▶ _Supplied entries_
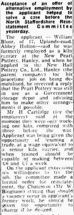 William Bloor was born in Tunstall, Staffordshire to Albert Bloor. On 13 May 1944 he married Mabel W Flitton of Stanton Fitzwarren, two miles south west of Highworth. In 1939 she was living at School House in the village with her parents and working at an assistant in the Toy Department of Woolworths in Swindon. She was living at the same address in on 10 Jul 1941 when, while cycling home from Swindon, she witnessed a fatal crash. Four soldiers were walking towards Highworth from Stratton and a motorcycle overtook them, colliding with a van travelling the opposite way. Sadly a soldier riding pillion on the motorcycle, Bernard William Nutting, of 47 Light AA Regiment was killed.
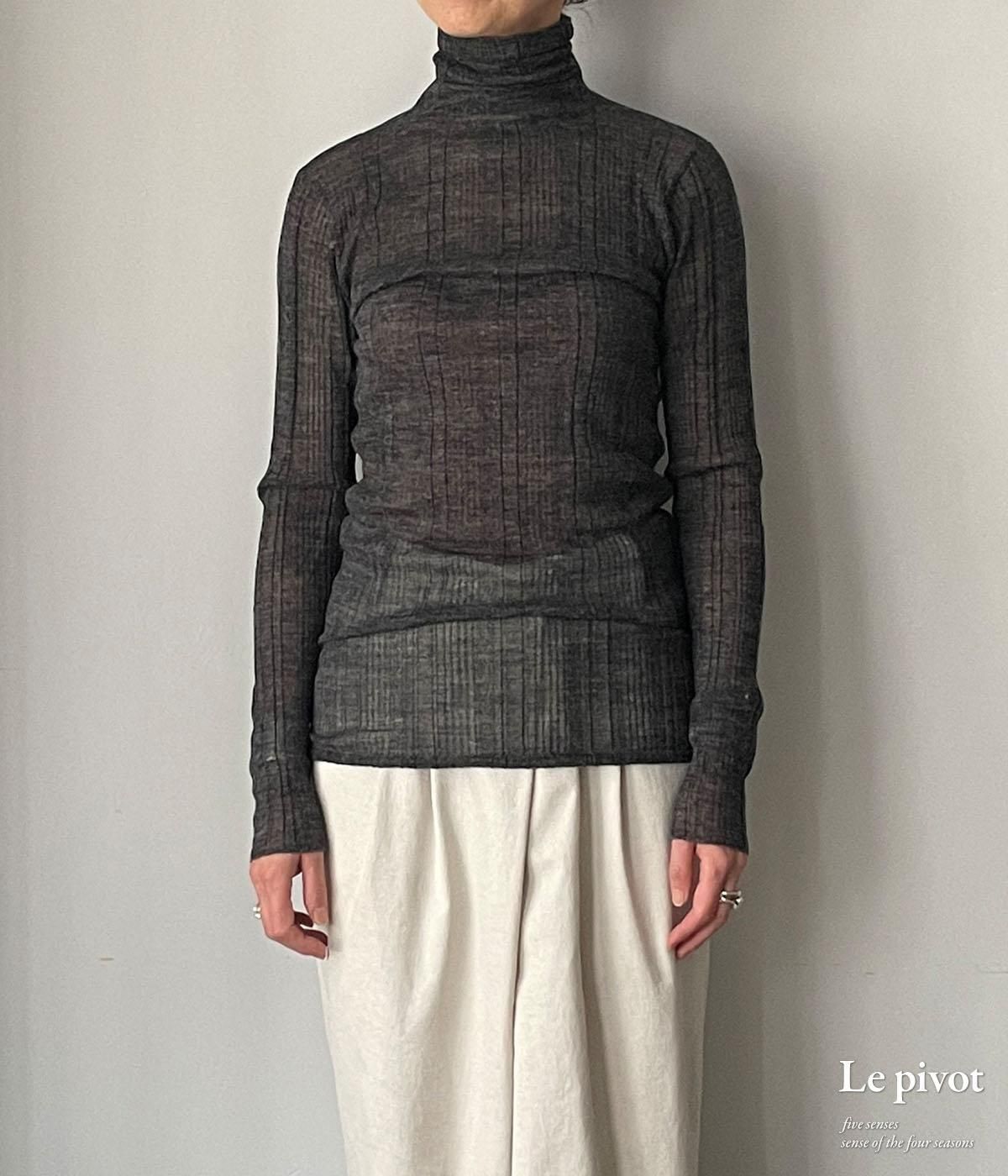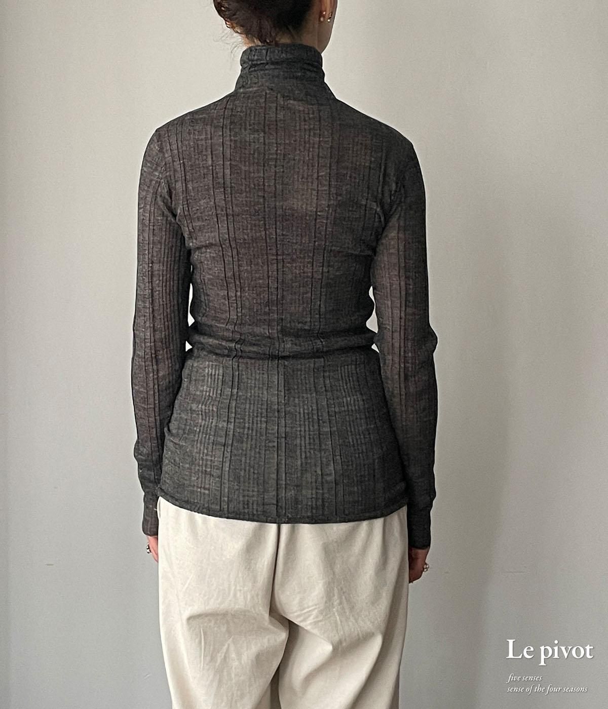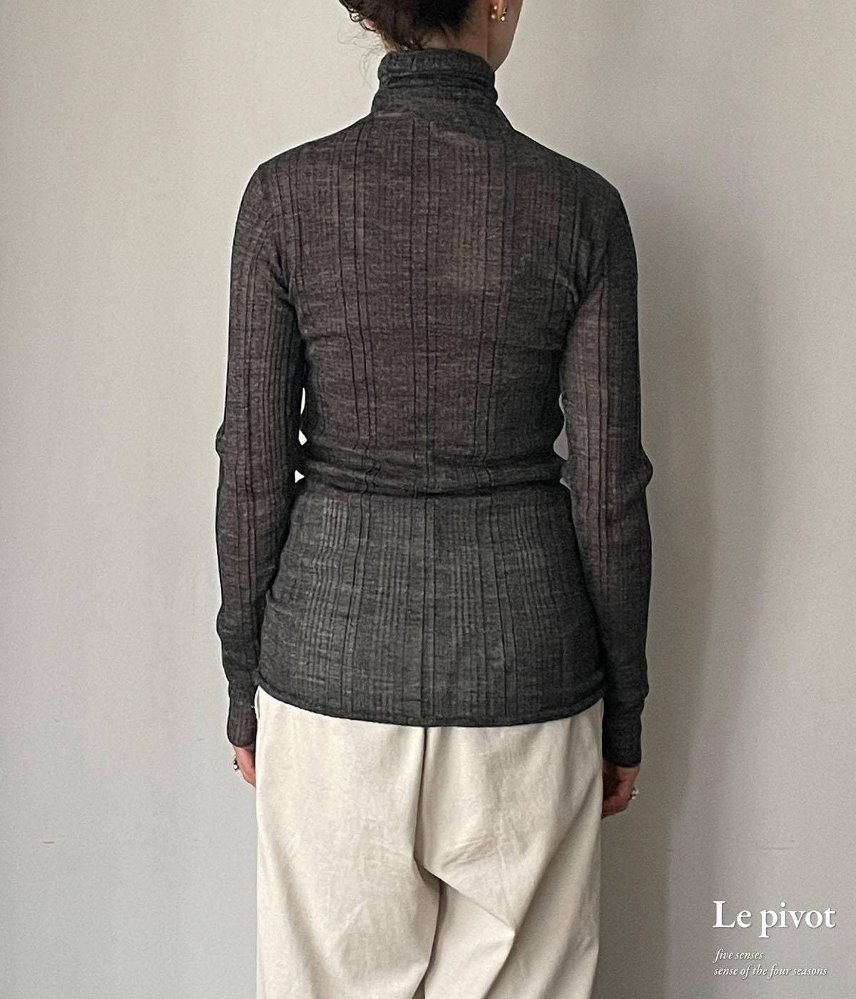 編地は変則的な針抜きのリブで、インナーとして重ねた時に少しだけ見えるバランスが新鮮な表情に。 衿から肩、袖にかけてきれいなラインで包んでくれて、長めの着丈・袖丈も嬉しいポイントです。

...

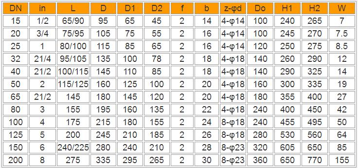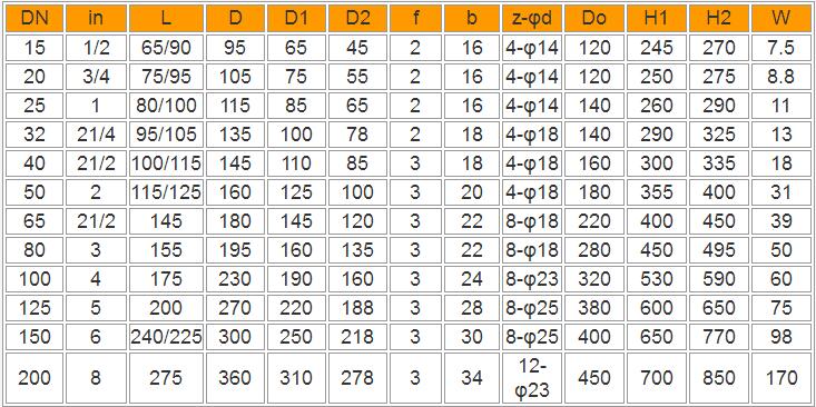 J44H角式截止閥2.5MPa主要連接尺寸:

▶ _Description of the task_
Above are records with pictures. Reproduce exactly only the lines from the line with "William Bloor was" through the line with "編地は変則的な針抜きのリブで", both ends included, and leave the pictures out.

▶ _The completed task_
 William Bloor was born in Tunstall, Staffordshire to Albert Bloor. On 13 May 1944 he married Mabel W Flitton of Stanton Fitzwarren, two miles south west of Highworth. In 1939 she was living at School House in the village with her parents and working at an assistant in the Toy Department of Woolworths in Swindon. She was living at the same address in on 10 Jul 1941 when, while cycling home from Swindon, she witnessed a fatal crash. Four soldiers were walking towards Highworth from Stratton and a motorcycle overtook them, colliding with a van travelling the opposite way. Sadly a soldier riding pillion on the motorcycle, Bernard William Nutting, of 47 Light AA Regiment was killed.
 編地は変則的な針抜きのリブで、インナーとして重ねた時に少しだけ見えるバランスが新鮮な表情に。 衿から肩、袖にかけてきれいなラインで包んでくれて、長めの着丈・袖丈も嬉しいポイントです。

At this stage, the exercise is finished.